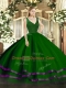 Cheap Sleeveless Floor Length Beading and Lace and Ruffled Layers Backless 15 Quinceanera Dress with Dark Green
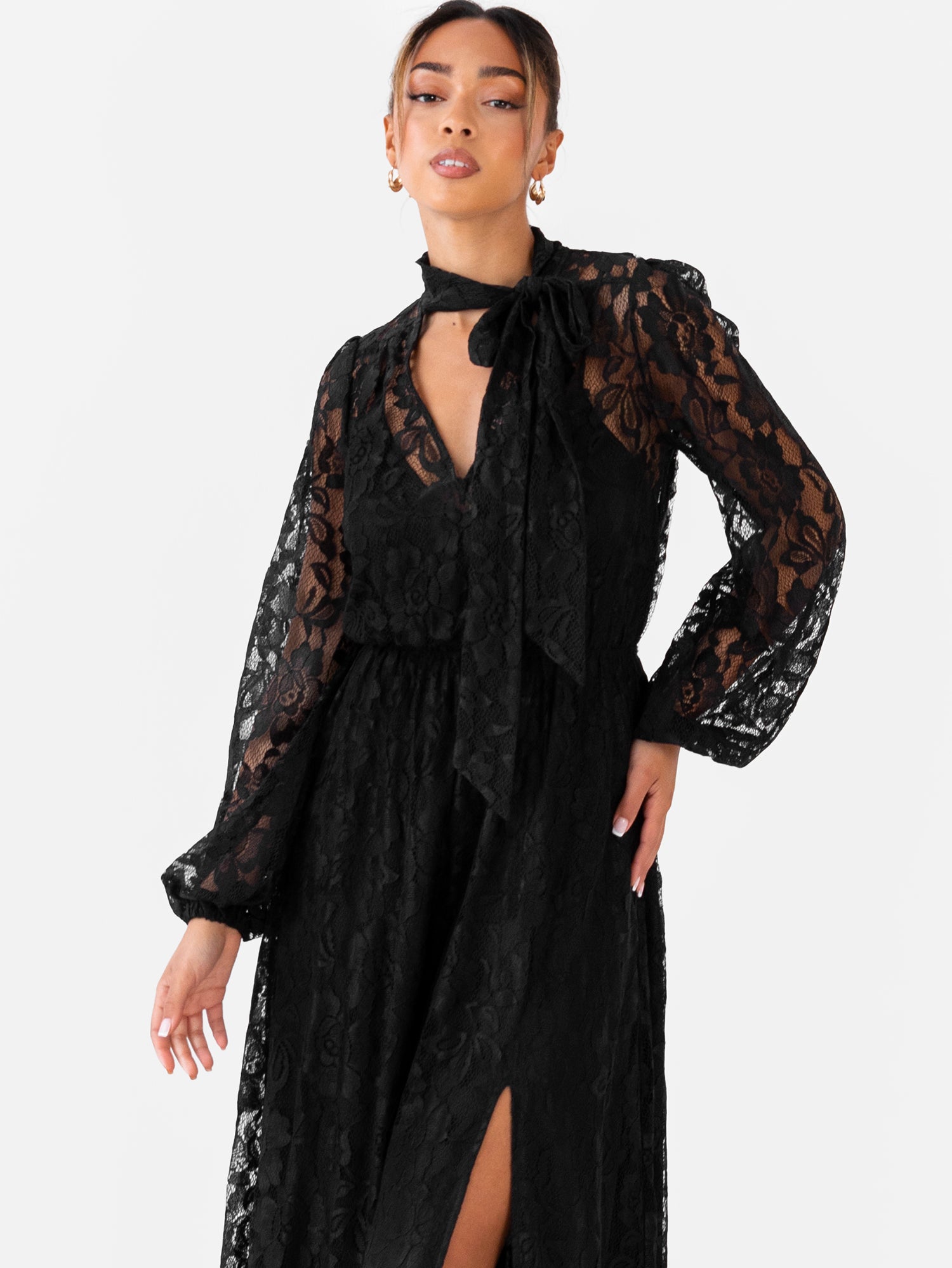 Maya Black Tie Neck Long Sleeve Lace Maxi Dress
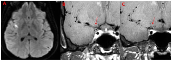 Patient (M/32) with acute onset of headache, dysarthria, and left arm weakness. The diagnosis was PCNSV. (A) Axial DWI image shows a right insular hyperintense area with restricted diffusion. (B,C) Coronal BB T1w VWI after administration of the contrast agent shows an intense, concentric wall enhancement (arrows) of the right sovraclinoideal internal carotid.
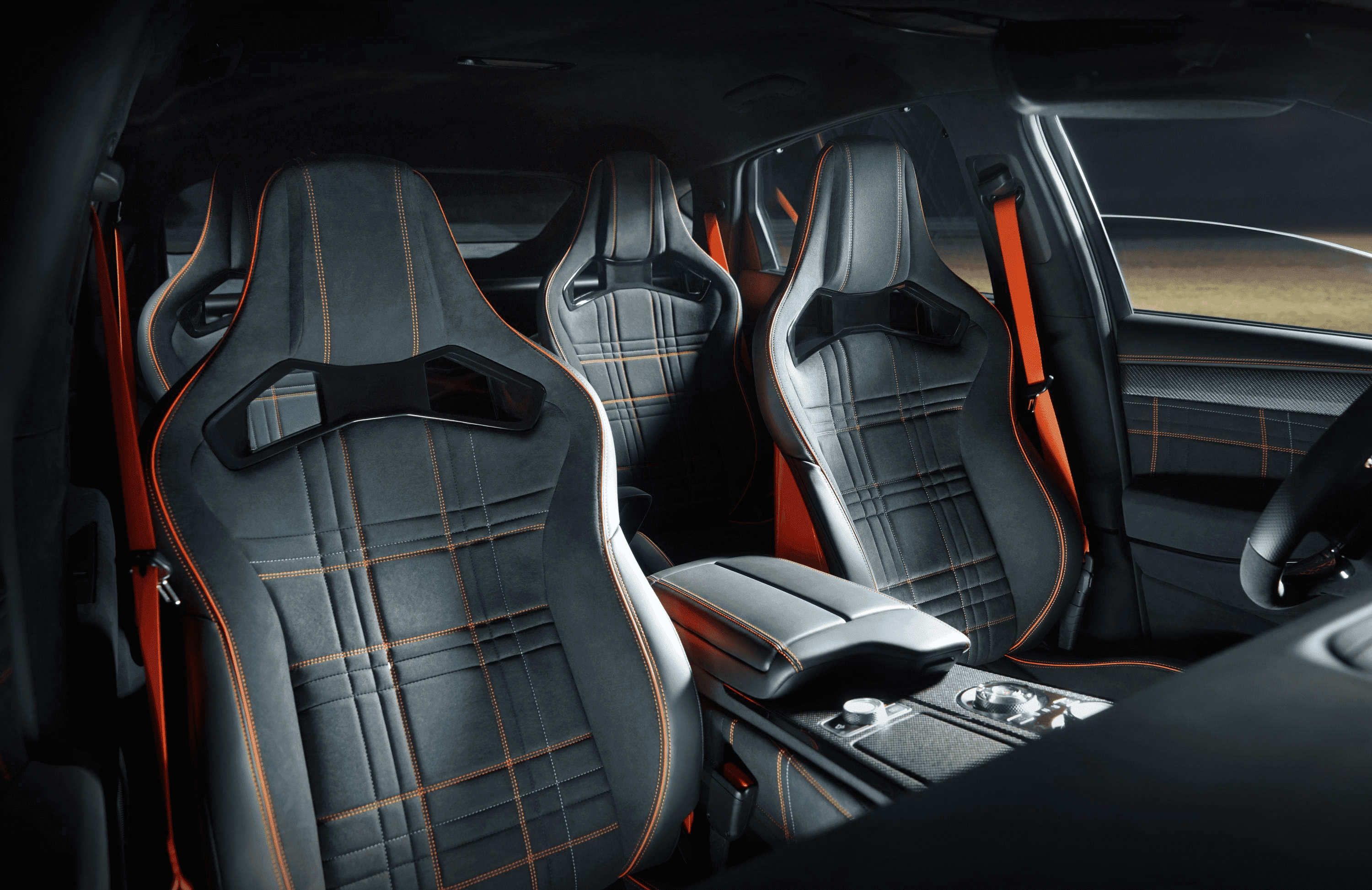 Bilder vom Innenraum sind nur aus der Studie bekannt. Was außen begann, setzt sich innen fort: Die Farbgebung Magma zieht sich wie ein Motto in Form von Ziernähten und Karbonfasern durch das Interieur. Gesäß, Rücken und Hände werden an Sitzen und Lenkrad mit Nappa- und Veloursläder nach allen Regeln der Kunst verwöhnt.
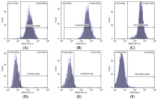 The phenotypic characterizations of hUC-MSCs were identified with flow cytometry. (A–C) The positive surface markers of hUC-MSCs were CD73 (98.9%), CD90 (99.95%), and CD105 (99.76%). (D–F) The negative surface markers of hUC-MSCs were CD34 (2.95%), CD45 (3.61%), and HLA-DR (3.69%).
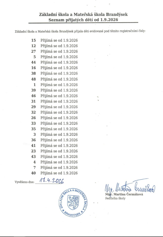 Doplňující informace k zápisu do Mateřské školy Brandýsek naleznete zde.
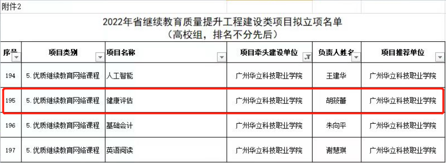根據(jù)《廣東省教育廳關(guān)于開(kāi)展2022年省繼續(xù)教育質(zhì)量提升工程建設(shè)類(lèi)項(xiàng)目申報(bào)工作的通知》等文件要求,經(jīng)地級(jí)以上市教育局和高校推薦、資格審查、專(zhuān)家評(píng)分等環(huán)節(jié),廣東省教育廳公布了2022年廣東繼續(xù)教育質(zhì)量提升工程建設(shè)類(lèi)項(xiàng)目擬立項(xiàng)名單,共評(píng)出立項(xiàng)項(xiàng)目773個(gè)。我院《健康評(píng)估》課程喜獲立項(xiàng)優(yōu)質(zhì)繼續(xù)教育網(wǎng)絡(luò)課程。
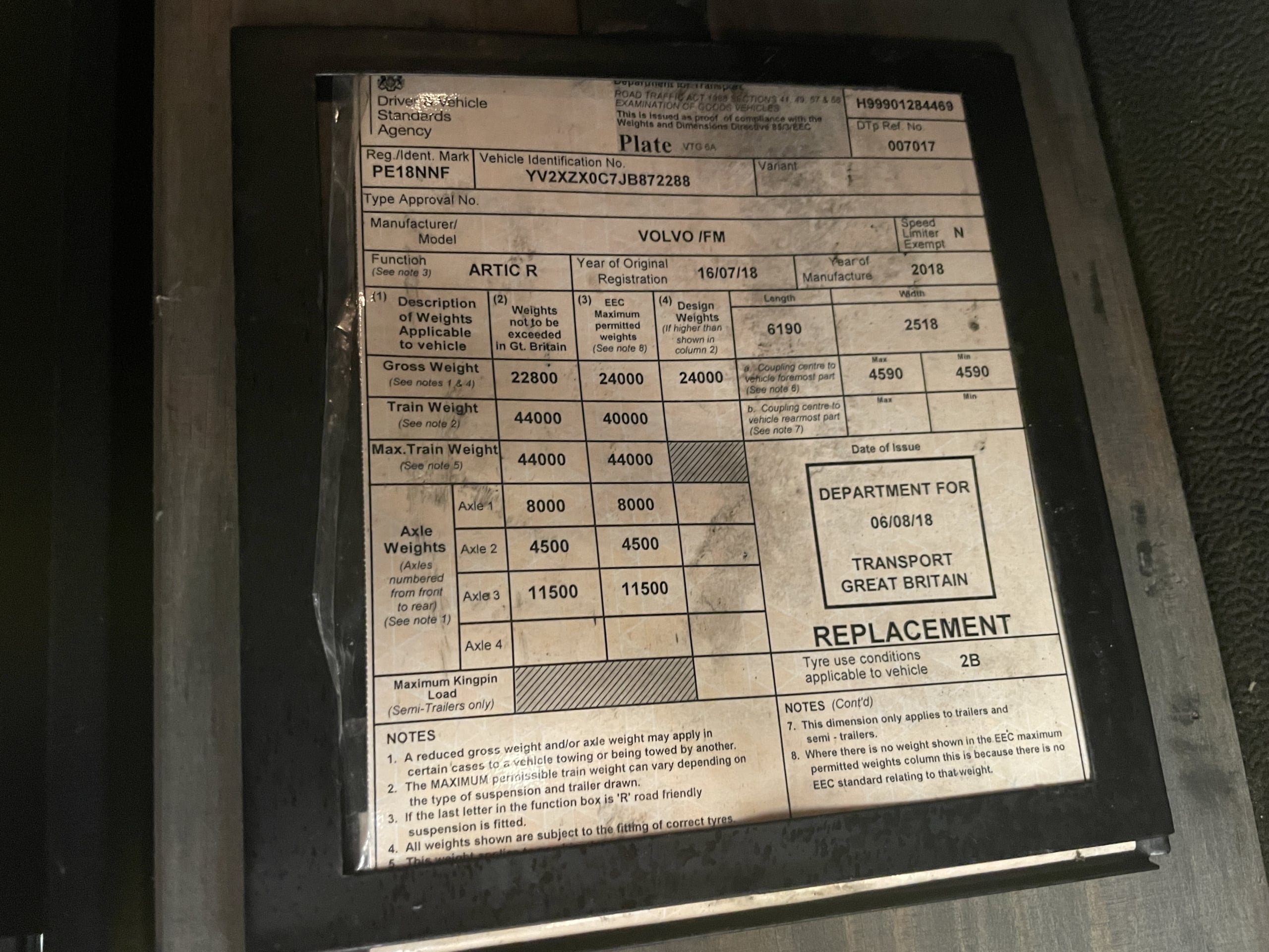 VOLVO FM 450 *EURO 6* PET REGS 6X2 TRACTOR UNIT – 2018 – PE18 NNF

AIM OF THE TASK
Copy nothing but the lines from the start of the entries through the line with "Maya Black Tie". Write them out exactly, without pictures.

WRITTEN ANSWER
 Cheap Sleeveless Floor Length Beading and Lace and Ruffled Layers Backless 15 Quinceanera Dress with Dark Green
 Maya Black Tie Neck Long Sleeve Lace Maxi Dress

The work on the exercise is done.